Caravan News
KATIHAR – On Monday, a Muslim man, who was a cattle trader, was beaten to death by a group of four men while he was on his way to sell cattle in Bihar’s Katihar district.
The victim Mohammed Jamal was taken to a government hospital where he was declared dead the same night.
According to The Quint, Jamal was with his uncle and cousin brother with cows to sell, when they were tracked and stopped by four men at Labha en route West Bengal. Sagar Yadav, a local goon, and three members of his family, asked them to pay money to use the road for cattle transport.
While Jamal’s cousin and uncle broke their grip and ran away, Jamal was brutally beaten up by the goons.
The officer added that as of 13 November none of the accused had been arrested and a search was on. “An FIR under section 302 (punishment for murder), 384 (extortion) and 34 (common intention) of the IPC has been registered at Roushna op police station,” he said.
“Naahi ye mob lynching hai, naahi ye kuch aur hai. (Neither is it a mob lynching nor is it anything else),” Kumar said repeatedly.
Human rights lawyers said the police often does not understand what a mob lynching is.
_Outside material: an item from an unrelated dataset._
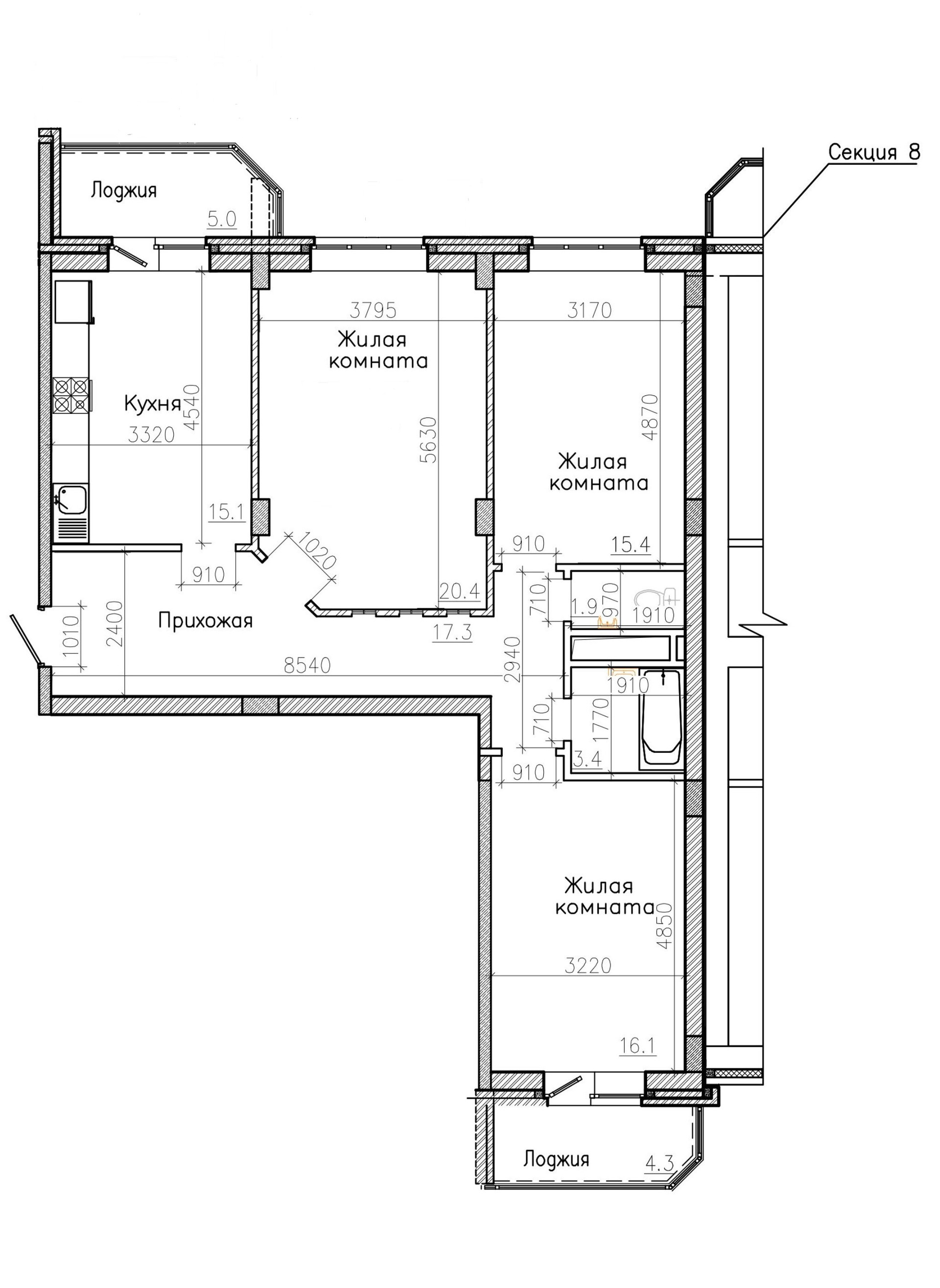 Количество комнат 3

“First of all there is no section of mob lynching which is separate. So the police would primarily just be concerned about the media narrative of the case, which is why they keep saying it is not a mob lynching, which it is. It is a word activists, lawyers and journalists use in everyday parlance but not a term rooted in legality,” Aman Khan from Human Rights law Network said.